This an insurance case. Defendant entered a workers' compensation insurance contract with Plaintiff that covered August 2004 to August 2005. The parties chose a one-year retrospectively rated policy, which the Amended Complaint describes:

the insured typically pays a lower annual premium during the policy term. Beginning at around six months after policy termination, the carrier then examines the insured's loss activity and, based on that activity and subject to the retrospective factors specified in the insured's retrospective plan, computes (or "adjusts") the insured's retrospective premium. This retrospective premium increases, to a
specified maximum amount, as the claims dollars the carrier incurs increase. Conversely, a retrospective adjustment may, if the insured controls its losses by implementation of an effective risk management program, result in a credit to the insured.
(Doc. 12 at 2). Plaintiff's response to the motion to dismiss provides more general background on retrospectively rated policies:
[a] worker injured during a policy year will often continue to have medical needs beyond the expiration of that year. The workers compensation carrier is responsible for providing benefits to the worker for any injury that occurred during the policy year (even where the injury is only discovered subsequently to that year). In choosing a retrospective premium policy, [Defendant] elected to share in the obligation to make payments to injured workers for years to come.
(Doc. 15 at 6).

Against this backdrop, the policy allowed Plaintiff to calculate the retrospective premium six months after the policy ended and "annually thereafter." (Doc. 12 at 2, 43). So, on February 1, 2017, Plaintiff sent Defendant a "Twelfth Adjustment Invoice" that reflected Defendant owing it $503,839.00 in retrospective premium. (Doc. 12 at 70-74). The Invoice also noted a future adjustment to occur in twelve months. (Doc. 12 at 70). When Defendant refused to pay the half a million-dollar bill, Plaintiff sued it for breach of contract and unjust enrichment.

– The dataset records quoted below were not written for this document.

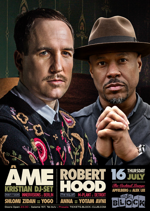 Description | Promotional artwork for an electronic music event in Tel Aviv (Israel). Guest DJs: ÂME DJ (Innervisions :: Berlin) ROBERT HOOD (M-Plant :: Detroit) The Block: Shlomi Zidan - Yogo The Squat: Anna - Yotam Avni The Lounge: Apfelberg - Alek Lee |
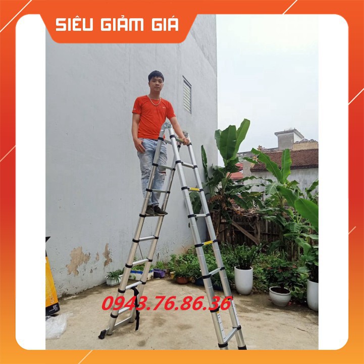 THANG NHÔM RÚT CHỮ A 4.4M ( 2.2m + 2.2m) - BH 24 THÁNG [Tặng 2 Chốt Thang]
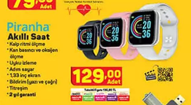 Fiyatı: 129 TLÖzellikleri- Kalp ritmi ölçme- Kan basıncı ve oksijen ölçme- Uyku izleme- Adım sayat- 1.33 inç ekran- Bildirim gösterimi- Titreşim
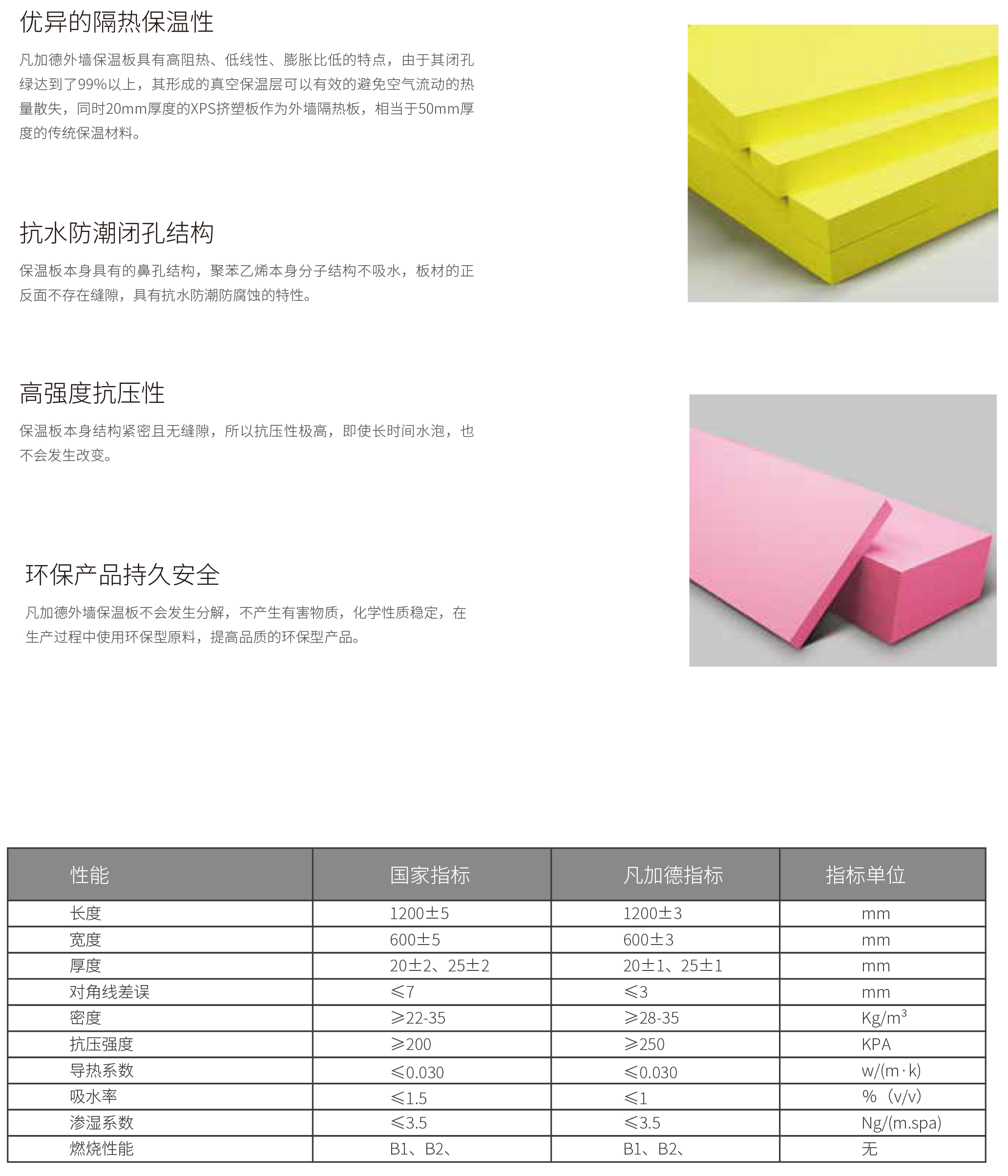 凡加德外墙保温板不会发生分解,不产生有害物质,化学性质稳定,在生产过程中使用环保型原料,提高品质的环保型产品。
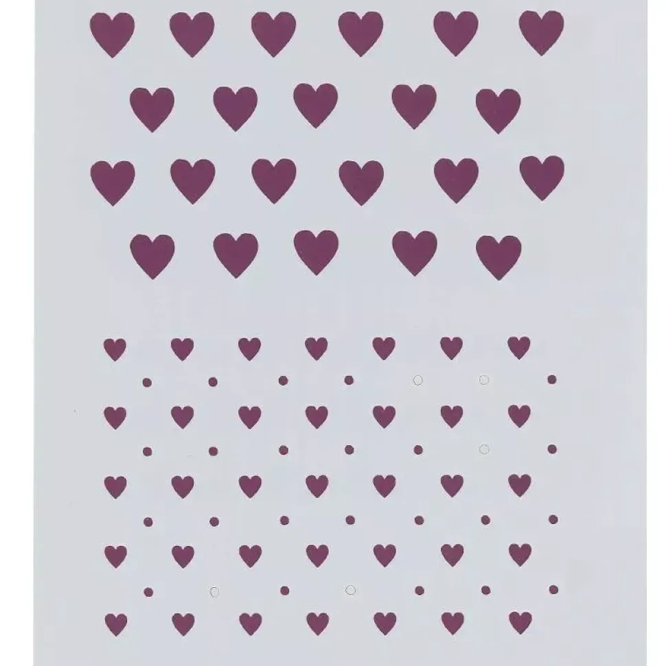 Diseños en acetato de motivos clásicos y actuales para la técnica del estarcido, de corazones de diferentes tamaños.

The Court dismissed the complaint because it "provided no facts or made any allegations of any event or losses that would create entitlements occurring beyond the one-year term of the Policy and within the statute of limitations period." (Doc. 11 at 4). The Amended Complaint followed, which Defendant again moves to dismiss with prejudice under Federal Rule of Civil Procedure 12(b)(6).

LEGAL STANDARD

Rule 12(b)(6) allows a complaint to be dismissed for failing to state a claim upon which relief can be granted. To survive a motion to dismiss, "a complaint must contain sufficient factual matter, accepted as true, to state a claim to relief that is plausible on its face." Ashcroft v. Iqbal, 556 U.S. 662, 678 (2009). A claim is facially plausible when the complaint's factual content allows the court to draw a reasonable inference that the defendant is liable for the alleged misconduct. Id. A party must plead more than "labels and conclusions, and a formulaic recitation of the elements of a cause of action will not do." Bell Atl. Corp. v. Twombly, 550 U.S. 544, 555 (2007) (citations omitted). And when deciding a motion to dismiss, the court must accept all factual allegations as true and view them in a light most favorable to the plaintiff. Ashcroft, 556 U.S. at 679.

DISCUSSION

Defendant makes two arguments for dismissal: (1) the "Amended Complaint fails to allege any incurred loss or claim made against the policy that create an entitlement for it to receive retrospective premiums"; and (2) the statute of limitations bars this suit. (Doc. 14 at 2). Neither argument carries the day. The Court starts with the statute of limitations.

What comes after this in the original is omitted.